After riots shut down a Milo Yiannopoulos speech at UC-Berkeley in February, Young America’s Foundation (YAF) and the Berkeley College Republicans (BCRs) invited Ann Coulter and David Horowitz to speak on campus.

Those events, too, were subsequently cancelled after administrators imposed numerous obstacles, prompting Harmeet Dhillon, a leader in the California Republican Party and a prominent lawyer, to file a lawsuit in April on behalf of YAF and BCRs, accusing the university of using “unconstitutionally vague” policies to prevent Coulter and Horowitz from speaking, and of infringing on student free speech based on ideological differences.

[RELATED: UC Berkeley will not silence conservatives]

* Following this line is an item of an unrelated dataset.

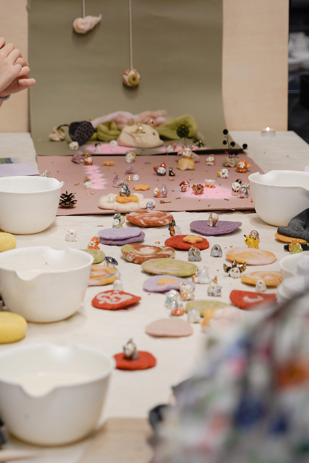 within the installation of Alchemy Arcade, this translation extends into motion, play, and encounter. designed as a tabletop field of prompts and relics, the work invites participants to traverse an imaginative terrain mapped by chance. guided by a ceramics "spirit companion" chosen from Seiu's evolving archive of ghost forms, they cast dice, move through embroidered patches, draw cards, ad follow cryptic instructions--each an activation of intuition and embodied cognition. in this shifting space, the line between artwork and psyche begins to blur: symbols answer questions, gestures echo thoughts, and the journey outward becomes a mirror of the mind's inward unfolding.

On September 29, United States District Court Judge Maxine Chesney ruled in favor of the defendants’ motion to dismiss the lawsuit, but allowed YAF and BCRs 30 days to amend the complaint and re-file.

Dhillon explained to Campus Reform that the school had “created a new policy” and that “the judge wants us to respond,” adding that the updated complaint will “address how the new policy continues to violate the Constitution and the rights of students at UC-Berkeley.”

Dhillon reiterated the charge that UC-Berkeley had used a vaguely-defined policy to discriminate against conservative speakers, noting that “In the old policy they called it the high-profile speakers policy,” whereas “in the new one they call it the major events policy.”

[RELATED: ‘Free Speech Week’ ends early amidst potential lawsuit]

In a September 30 statement, she argued that the new policy gives “bureaucrats and officials” illegal “content and viewpoint-based discretion,” claiming that outside of court proceedings, university officials “muse out loud” about the very actions their lawyers deny, and that arguments for “qualified immunity” are legally unfounded.

“I’m disappointed to see that 30 years later, particularly at a public instruction like UC-Berkeley, the birthplace of the Free Speech Movement, university administrators deny students equal access to public resources on the basis of their viewpoints,” Dhillon told Campus Reform.

She also made it clear that the fight will continue, however, vowing that “We will not rest until student voices are equally free to speak and be heard on the UC Berkeley campus, regardless of their political viewpoint, or the content of their speech."